Exercise prompt
Below this line is the material. Write out only its lines from the one containing "Raw Thinly Sliced" through the one containing "Now, let’s import", both kept, exactly.

Materials provided
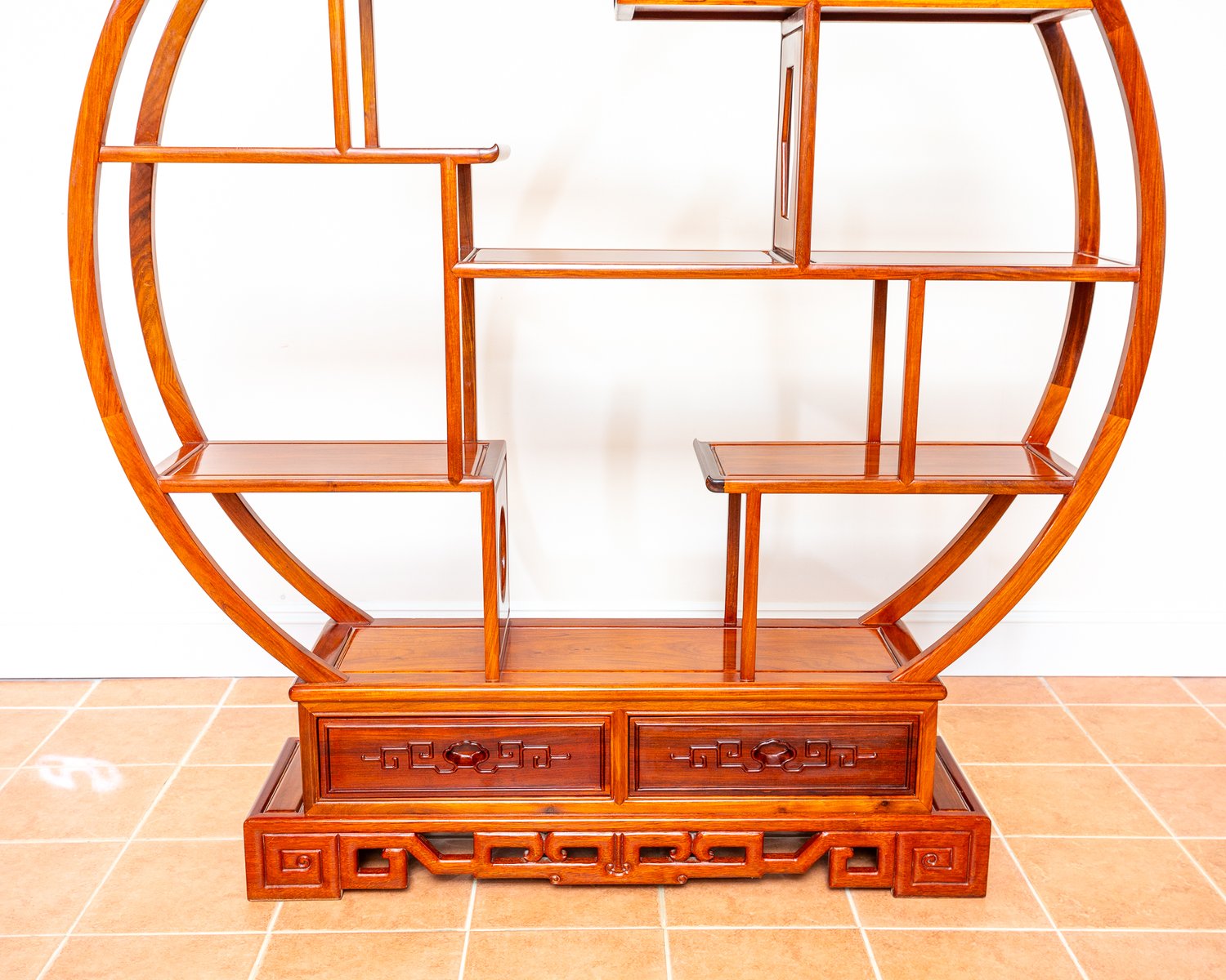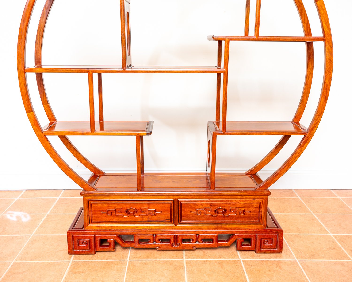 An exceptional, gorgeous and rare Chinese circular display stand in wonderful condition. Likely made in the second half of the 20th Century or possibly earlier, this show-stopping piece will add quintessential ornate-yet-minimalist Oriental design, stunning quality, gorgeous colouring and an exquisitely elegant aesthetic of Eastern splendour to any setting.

...

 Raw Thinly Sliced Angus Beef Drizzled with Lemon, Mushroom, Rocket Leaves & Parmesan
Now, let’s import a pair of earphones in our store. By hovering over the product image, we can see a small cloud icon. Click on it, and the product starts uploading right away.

Result
 Raw Thinly Sliced Angus Beef Drizzled with Lemon, Mushroom, Rocket Leaves & Parmesan
Now, let’s import a pair of earphones in our store. By hovering over the product image, we can see a small cloud icon. Click on it, and the product starts uploading right away.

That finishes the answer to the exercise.